§ **TASK TO CARRY OUT**: Take the entries below and reproduce exactly the portion that begins at the line containing "Quinta Studio - 1/48" and ends at the line containing "Zak is a really", keeping both ends, dropping pictures, and adding nothing else.

Dataset entries
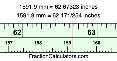 As promised above, we also have the answer to 1591.9 mm in inches in decimal form. Although the fractional answer above is exact, the decimal answer may be rounded if necessary:
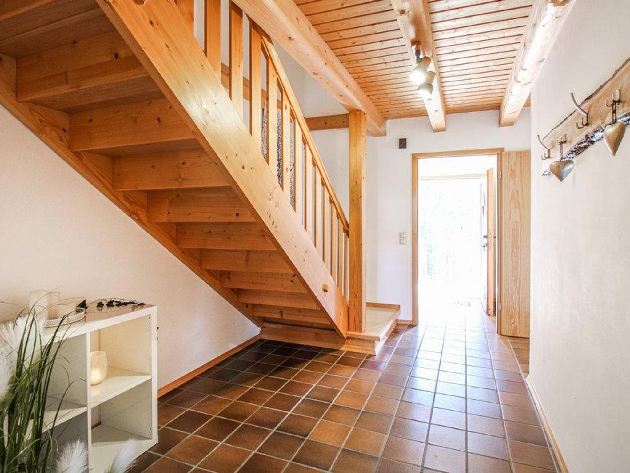 Räume sind hell und haben Sichtbalken, was dem Haus seine besondere Note
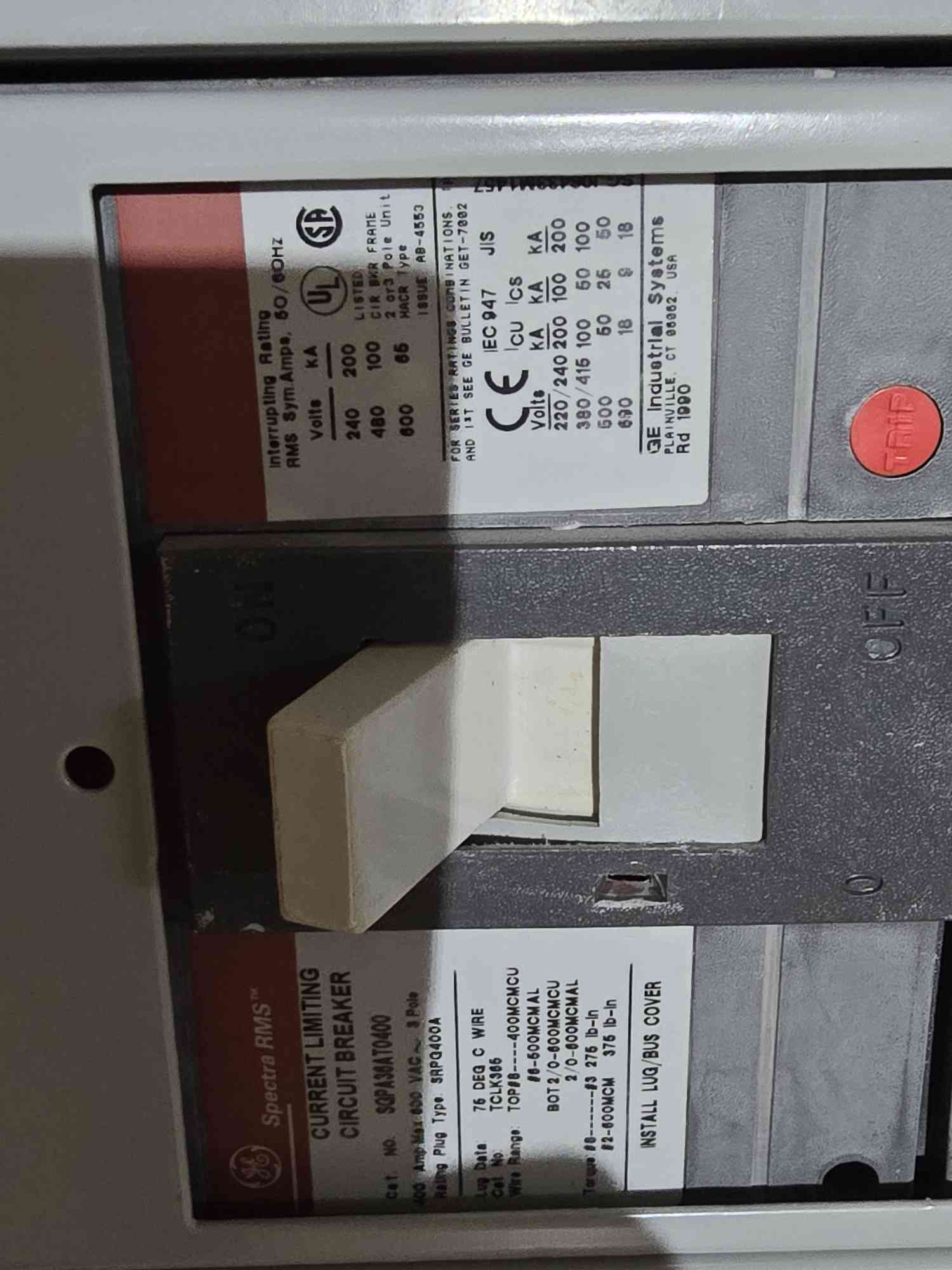 800A GE Spectra Series Panelboard 480V 3PH 4 Breakers Main & Meter - Cell 3 B
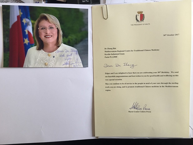 在援马医疗队队长张晖同志50岁生日之际,玛丽?普雷卡总统特地寄来亲笔签名的贺卡表示祝贺,并感谢医疗队为马耳他人民健康所做的贡献。
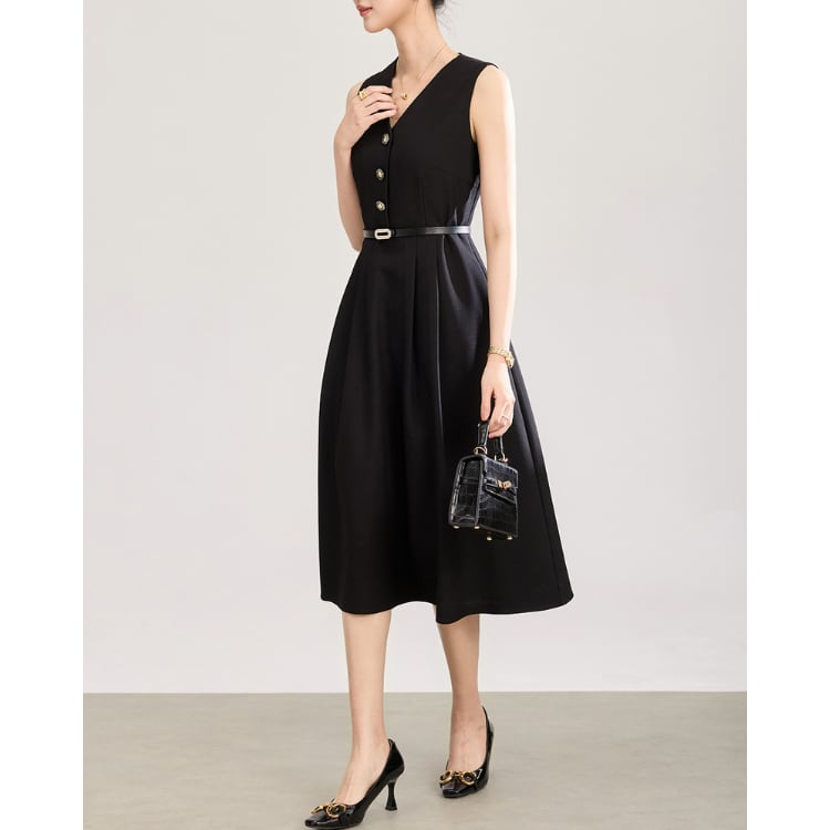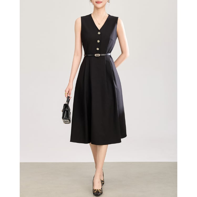 V Neck Sleeveless A Line Midi Dress Belted Button Front 2Colors 2603005
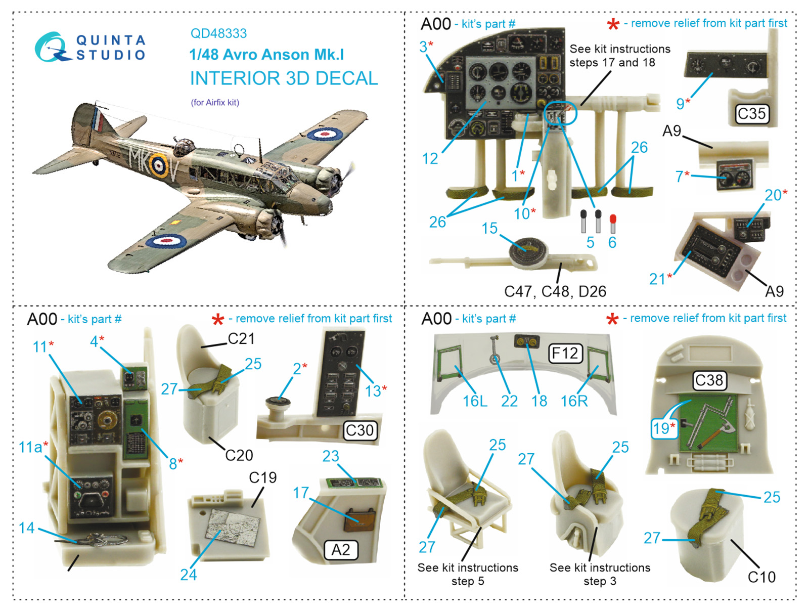 Quinta Studio - 1/48 Avro Anson Mk.I 3D-Printed & coloured Interior on decal paper (for Airfix kits)
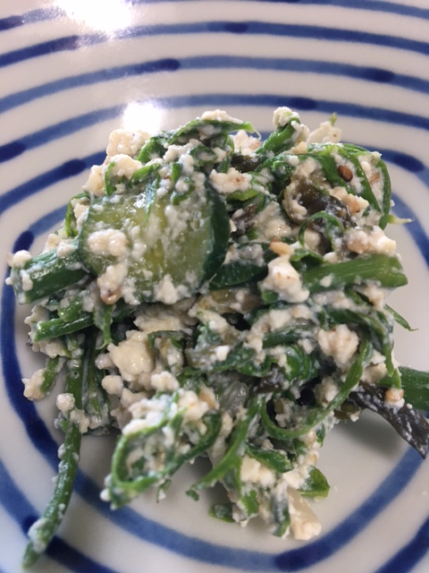 和え衣は塩煮した豆腐、よくすった白ごま、味噌、こしょう、酢
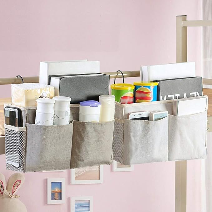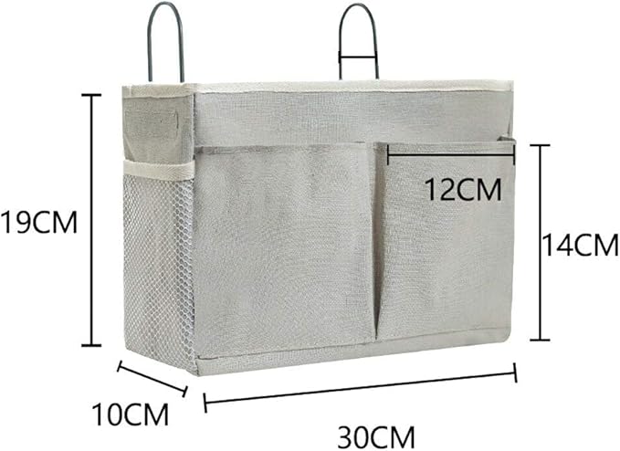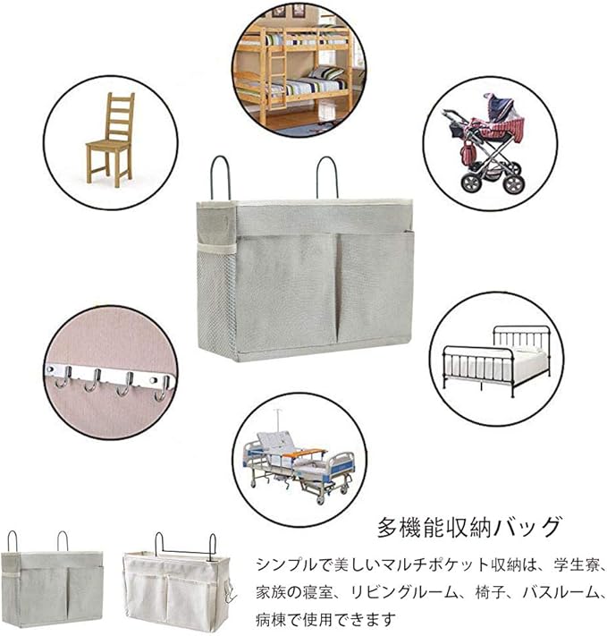 ベッドサイドポケット 吊り下げ収納 鉄骨フレーム 防水麻布製 多機能ベッドサイド収納ラック(入院グッズ/ベビーベッド/寮/車内用)小物入れ 耐久性 簡単取り付け 入院・介護時の必需品 (グレー)
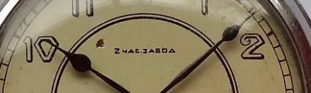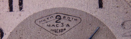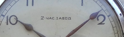 Les premières montres de la 2e Fabrique de Montres de Moscou étaient des K-43 qui n’avaient pas de marque mais qui portaient la mention de la fabrique d’abord sous la forme de ce logo
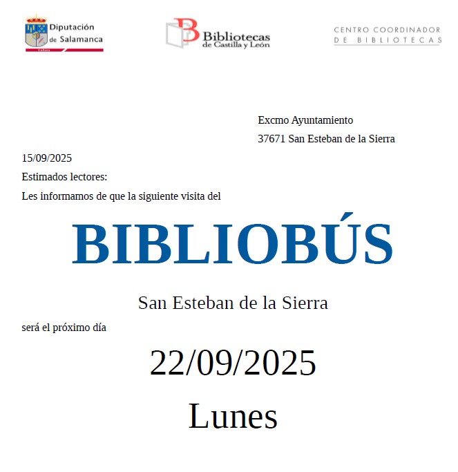 PRÓXIMA VISITA DEL BIBLIOBUS EL LUNES 22-09-25
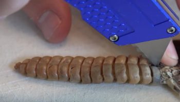 Человек разрезает хвост гремучей змеи. Посмотрите на то, что внутри
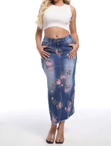 ebossy Women's High Waist Floral Printed Back Slit Frayed Hem Mid Long Bodycon Denim Skirt 1
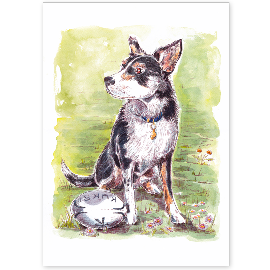 Zak is a really handsome short-haired collie with lots of lovely markings which I really enjoyed painting. As with most collies he is full of energy and loves endless games in the garden most often with his favourite toy, a large rugby ball!
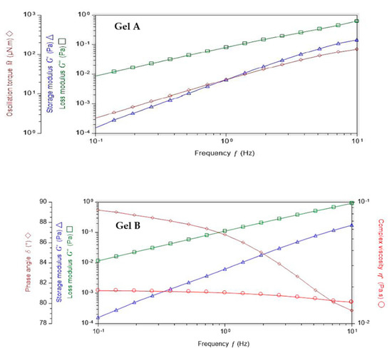 Before oscillation frequency sweep, an amplitude sweep test was performed to define the fluid’s linear-viscoelastic region (LVER), and 10% at least for both formulations. Indeed, for Gel A, the amplitude sweep test performed at 1 Hz between 0.1 and 100% did not indicate any output of the linear domain. For Gel B, the oscillation measured between 0.1 and 100% of deformation did not show any upper limit and so, caution should be used to avoid not being below 1.5% deformation with this rheometer (Supplementary Materials Figure S7). At 0.1 Hz, the storage module was negligible, which explains why some points are missing on the graphs (negative values cannot be displayed on a logarithmic scale). For both at low amplitudes, the signal becomes lower than the sensitivity of the material (0.05 μNm).
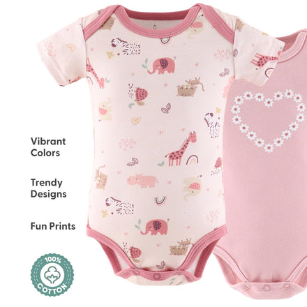 The Peanutshell Baby Girl Short Sleeve Bodysuits - Girl Clothes, Newborn 0-3, 3-6, 6-9, 9-12, 12-18, 18-24 Months Baby Clothes - 100% Cotton Infant, New Born Outfits - Rainbow Safari (0-3)
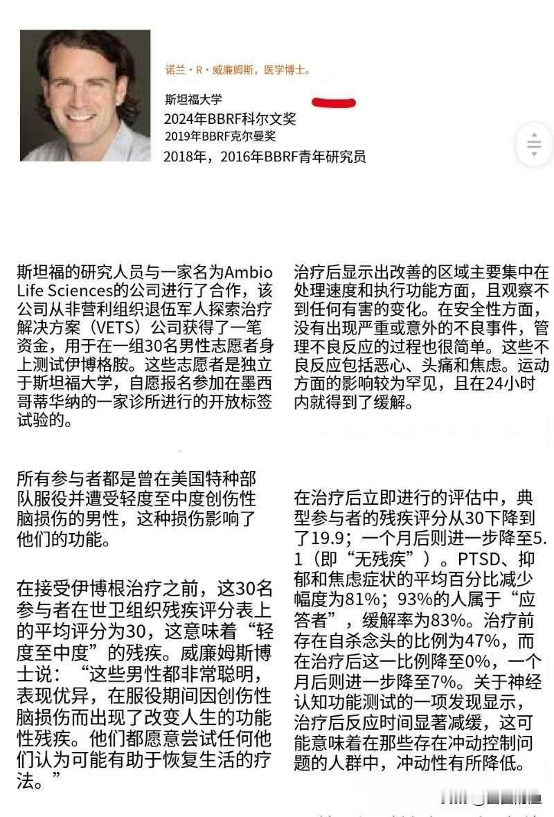 帮无数人对抗抑郁的专家,自己却没能走出来... 美国斯坦福大学精神病学家诺兰·威廉姆斯博士(42岁),抑郁症创新疗法(如脑刺激)前沿研究者,不幸于今年10月自杀离世。 天天研究抑郁、接触病人的巨大痛苦,很多都是负能量,再加上科研压力山大,想快点出成果救人,最后把他自己也压垮了。 这位致力于驱散心灵阴霾的“耀眼明星”陨落,他救治了太多的抑郁症病人!是精神健康领域的巨大损失,简直太可惜了!
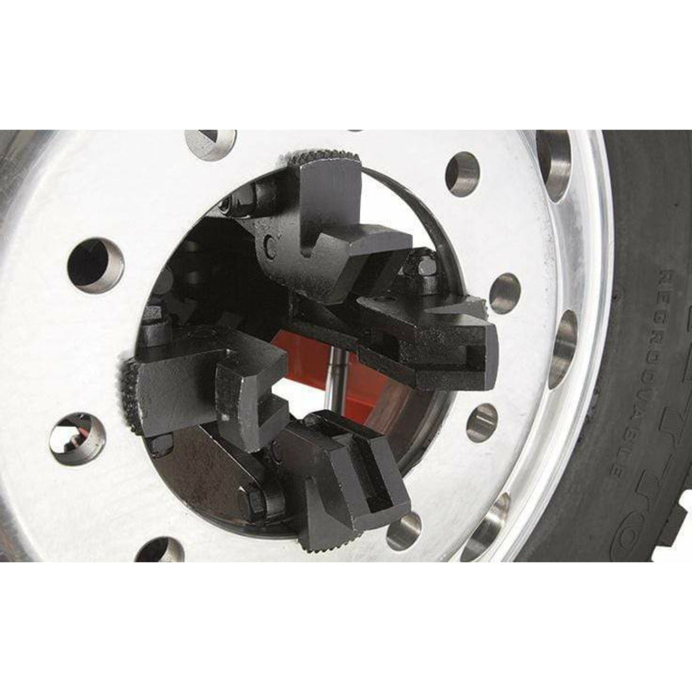 Secure Clamping: Self-centering hydraulic clamping chuck and hydraulically operated spreader jaws provide secure clamping for a wide variety of rims and off-road wheels
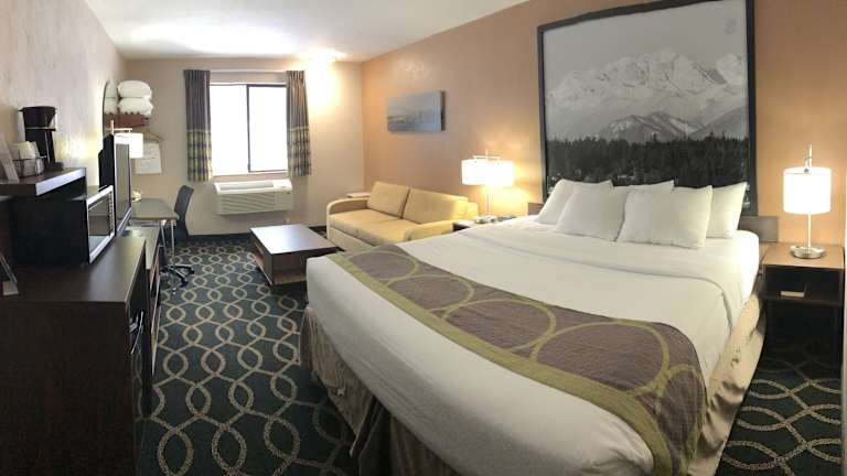 Das Super 8 by Wyndham Port Angeles at Olympic National Park ist ein komfortables Motel in Port Angeles, nur 3,2 km vom Olympic-Nationalpark entfernt. Die Unterkunft bietet kostenfreies WLAN und ein tägliches kontinentales Frühstück. Mit einer 24-Stunden-Rezeption, einem Waschsalon und kostenlosen Parkplätzen bietet das Motel alle Annehmlichkeiten, die Sie für einen angenehmen Aufenthalt benötigen. Die Zimmer sind klimatisiert und verfügen über einen TV mit über 70 Kanälen. Ein Businesscenter mit Fax- und Kopierservices steht Ihnen ebenfalls zur Verfügung. Genießen Sie das kostenfreie Frühstück, das eine Auswahl an Speisen wie Kaffee, Tee, Säfte, Joghurt, Cerealien, Waffeln, Toast, hart gekochte Eier, Zimtschnecken und frisches Obst bietet.
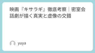 映画『キサラギ』徹底考察|密室会話劇が描く真実と虚像の交錯 2007年に公開された映画『キサラギ』は、アイドル・如月ミキの一周忌追悼会に集まった5人のファンたちが繰り広げる密室会話劇です。一見、シンプルで軽快なコメディのように見えながらも、物語が進むにつれて真実が徐々に明かされていく展開はスリリング... 2025.10.21 Uncategorized
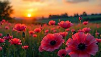 Op de achtergrond vestigt de zonsondergang langzaam de aandacht op zich wanneer de laatste stralen van de dag over het landschap glijden en de klaprozen in een gouden licht baden. Deze scène ademt een vredige en nostalgische sfeer uit die de kijker meeneemt naar een moment van rust en bezinning. Het is een perfect voorbeeld van de schoonheid van de natuur en de magie van de overgang van dag naar nacht, gevangen in één enkel, fascinerend beeld.
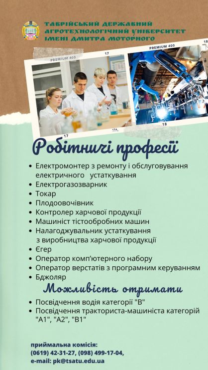 20 перспективних спеціальностей пропонує вступникам лідер вищої аграрної освіти України – Таврійський державний агротехнологічний університет імені Дмитра Моторного. До тих спеціальностей, яким багато років навчають у ТДАТУ, нещодавно додалися й нові: «Туризм», «Готельно-ресторанна справа» та «Прикладна механіка» за освітньо-професійною програмою «Комп’ютерне проектування і дизайн».
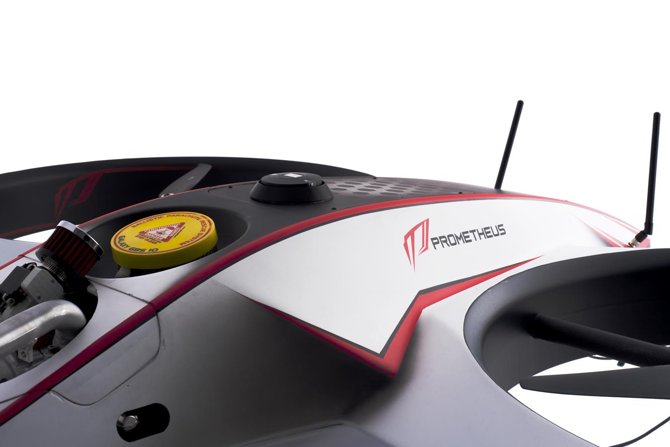 Brzmi to wprawdzie nierealnie, jako że akumulator to zwykle po prostu jednoczęściowy pakiet zestawu ogniw, a nie czynnie pracujący generator z bakiem, ale przy obecnym rozwoju technologii akumulatorowej to smutna rzeczywistość. Dlatego też w PROMETHEUS, dronie stricte hybrydowym, zastosowano 4,2-kilowatowy generator pokładowy na standardowe paliwo (Pb 95/98). Ten zasila sześć niezależnych silników poprzez 5000 mAh akumulator (lub bezpośrednio) za sprawą niezależnych torów zasilania.
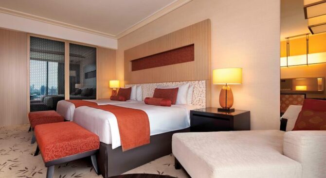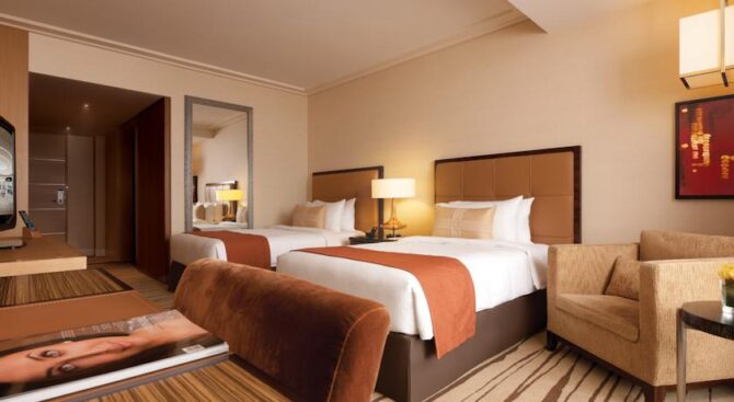 Полюбоваться на потрясающие красоты города можно со смотровой площадки, которая находится на 58 этаже здания. А также для путешественников, приезжающих на отдых в этот отель, работает спа-центр, который предлагает своим гостям заказать процедуры массажа. Работники отеля разговаривают на нескольких языках, среди которых китайский и английский.
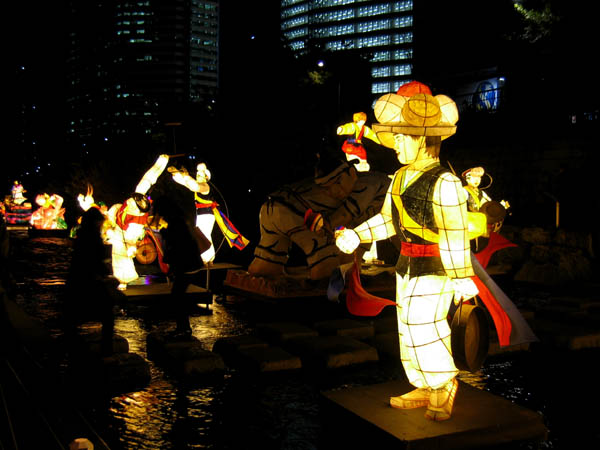 Here are a series of Korean performers and acrobats. There is a pair of men engaged in ssireum wrestling, but for some reason the lanterns were out so you can’t see them too well here.

§ **SOLVED EXERCISE**:
 Quinta Studio - 1/48 Avro Anson Mk.I 3D-Printed & coloured Interior on decal paper (for Airfix kits)
 和え衣は塩煮した豆腐、よくすった白ごま、味噌、こしょう、酢
 ベッドサイドポケット 吊り下げ収納 鉄骨フレーム 防水麻布製 多機能ベッドサイド収納ラック(入院グッズ/ベビーベッド/寮/車内用)小物入れ 耐久性 簡単取り付け 入院・介護時の必需品 (グレー)
 Les premières montres de la 2e Fabrique de Montres de Moscou étaient des K-43 qui n’avaient pas de marque mais qui portaient la mention de la fabrique d’abord sous la forme de ce logo
 PRÓXIMA VISITA DEL BIBLIOBUS EL LUNES 22-09-25
 Человек разрезает хвост гремучей змеи. Посмотрите на то, что внутри
 ebossy Women's High Waist Floral Printed Back Slit Frayed Hem Mid Long Bodycon Denim Skirt 1
 Zak is a really handsome short-haired collie with lots of lovely markings which I really enjoyed painting. As with most collies he is full of energy and loves endless games in the garden most often with his favourite toy, a large rugby ball!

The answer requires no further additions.